In a RAID 5 set with any number of disks we will calculate a parity information for each stripe. See this article on how the RAID 5 parity works. In short, we use the XOR operation on all binary bits on all disks and save the result on the parity disk. For example if we have an eight disk set the actual data is saved on seven disks and parity on the last disk, see picture above.
A disadvantage with RAID 5 is how to write small IOs against the disk system. Even if the write IO will only affect the data on one disk, we still need to calculate the new parity. Since the parity, as explained in the other article, is created by using XOR on all disks this could now be done in two ways. We could either do a read against all the other disks and then XOR with the new information. This would however cause a very large overhead and it is not reasonable to block all other disks for just one write.
There is however a quite clever way to calculate the new parity with a minimum of disk IO.
Assume we have the following eight disks and a write should be done at the fifth disk, which should be changed to, say, 1111. (For simplicity we will only look at four bits at each disk, but this could be of any size.)
To get the new parity some actions has to be done. First we read the old data on the blocks that should be changed. We can call this “Disk5-Old” and will be the first IO that must be done. The data that should be written, here 1111, can be called Disk5-New.
Disk5-0ld = 0110
Disk5-New = 1111
We will now use XOR on the old and the new data, to calculate the difference between the old and new. We can call this Disk5-Delta.

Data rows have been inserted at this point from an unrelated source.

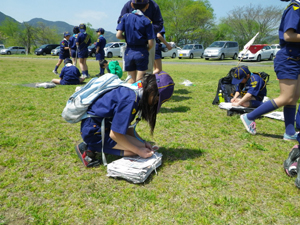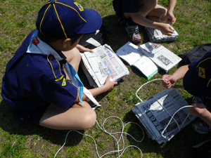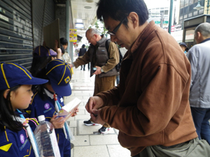 | 新聞紙の束ね方です。 隊長やリーダーから教わり、 自分でもやってみます。 |
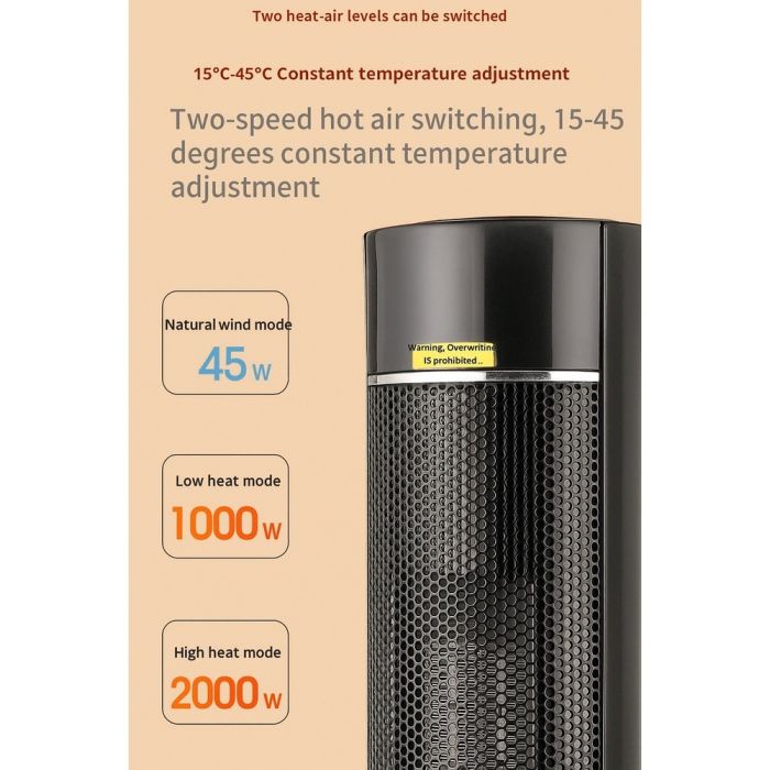 - أوضاع التشغيل: إعدادات حرارية مزدوجة: 2000 واط / 1000 واط، بالإضافة إلى وضع المروحة الطبيعي (45 واط).
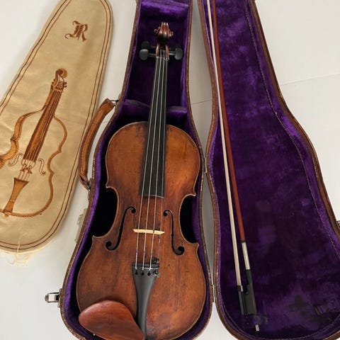 Violin Bue/Bow ( 8000dkk), Roland G Penzel, For English look bellow Mesterbygget af og stemplet Roland G. Penzel. Det er model nr. 2 - sølvmonteret 995 sølv, lys fernambuk, tredelt sølv/ibenholt skrue med perlemorsende, enkelt perlemorsøje i frosch. Frosch med familievåben , 2 skruer i froschbane, massiv sølvbevikling. Buen er fra ca 2012 og Roland G. Penzel (født 1952) laver ikke denne model mere. Købt fra violinbuemester Erik Danielsen (violinbuen.dk). Masterbuilt German Roland G. Penzel violin bow in 995 silver. It is model nr. 2 which is no longer produced by Roland G. Penzel. Bought from the professional violin bow restorerer, rehairer and reseller og bows, Erik Danielsen (violinbuen.dk).
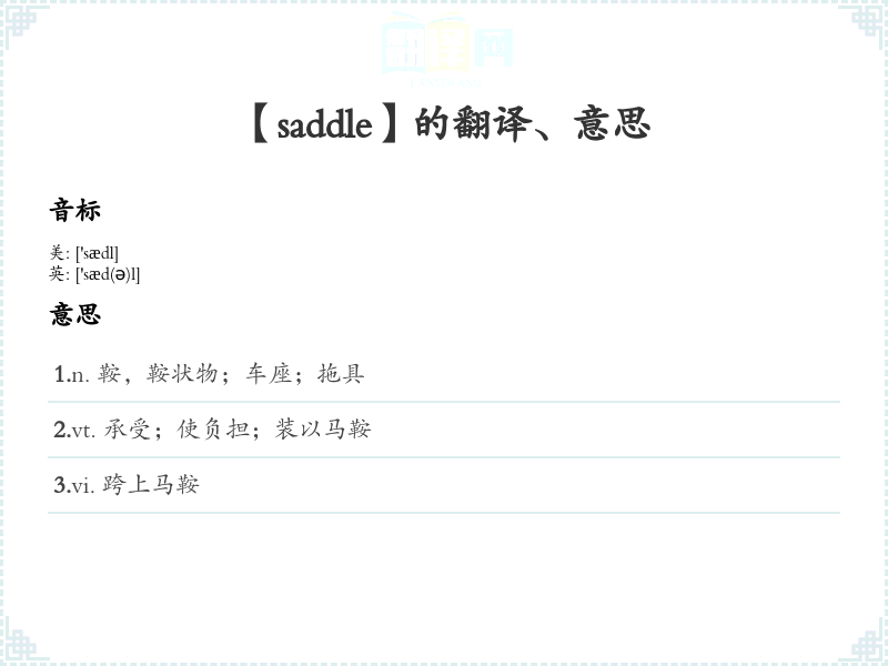 【saddle】是什么意思、字义解释
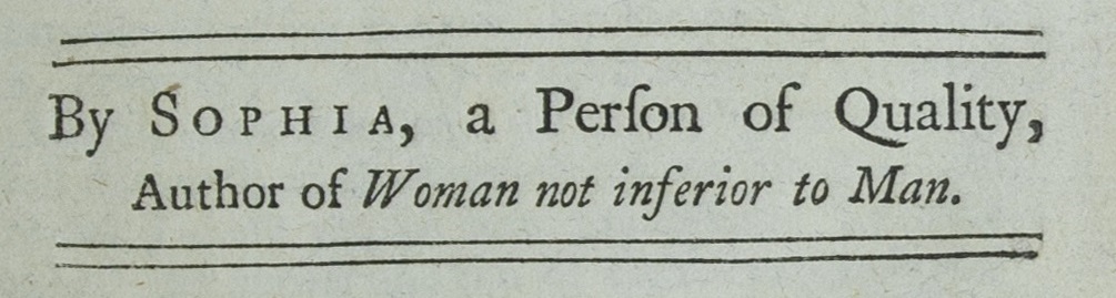 Sophia is the pseudonym of an 18th-century British woman who wrote a series of pamphlets affirming women's equality with men.

Disk5-Delta = Disk5-Old XOR Disk5-New = 0110 XOR 1111 = 1001
When we know the “delta” we will have to commit another read. This is against the old parity. We call this Parity-Old, in this example the old parity is 0010. We will now XOR the old parity with the Disk5-Delta. What is quite interesting is that this will create the new parity, but without the need to read the other six disks.
Parity-New = Parity-Old XOR Disk5-Delta = 0010 XOR 1001 = 1011
When we know the new parity we can write both the new data block and the new parity. This causes two write IOs against the disks and makes up the last of the “penalty”.
So in summary this disk actions that must be done:
1. Read the old data
2. Read the old parity
3. Write the new data
4. Write the new parity
This means that each write against a RAID 5 set causes four IOs against the disks where the first two must be completed before the last two could be performed, which introduces some additional latency.